The Ebb Tide

Page 04

There is no one but has some virtue: that of the clerk was courage; and he would make haste to reassure them in a pleasantry not always decent.

'I'm all right, pals,' he gasped once: 'this is the thing to strengthen the muscles of the larynx.'

'Well, you take the cake!' cried the captain.

'O, I'm good plucked enough,' pursued the sufferer with a broken utterance. 'But it do seem bloomin' hard to me, that I should be the only party down with this form of vice, and the only one to do the funny business. I think one of you other parties might wake up.

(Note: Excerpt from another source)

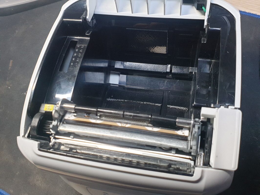 용지컷터시 뜯기쉽게 컷터가 1mm ~ 3mm정도 남기고 절단합니다. 제조사마다 남기는 정도는 차이가 있습니다...아예 절단이 안되거나 반만 절단되거나 용지만 나오고 절단이 안되고 그후로 먹통되는 증상 5mm정도 남기고 절단되는 경우 등 대부분 용지컷터불량이 많습니다. 컷터수리로 정상적인 사용이 가능합니다. 일부 제조사마다 단일커터 혹은 메카(인쇄헤드+커터+모터+커버센서+용지센서)로 구성됩니다.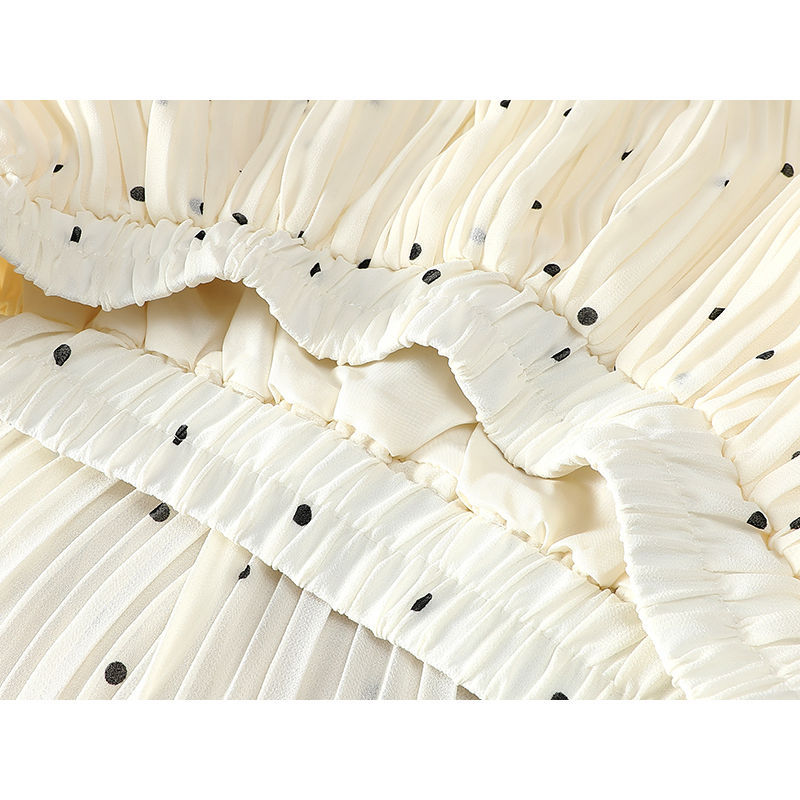 揺れるたびに輝くプリーツが女性らしさを引き立て、オフィスからお出かけまで幅広いシーンで活躍します。

Tell a fellow something.'

'The trouble is we've nothing to tell, my son,' returned the captain.

'I'll tell you, if you like, what I was thinking,' said Herrick.

'Tell us anything,' said the clerk, 'I only want to be reminded that I ain't dead.'

Herrick took up his parable, lying on his face and speaking slowly and scarce above his breath, not like a man who has anything to say, but like one talking against time.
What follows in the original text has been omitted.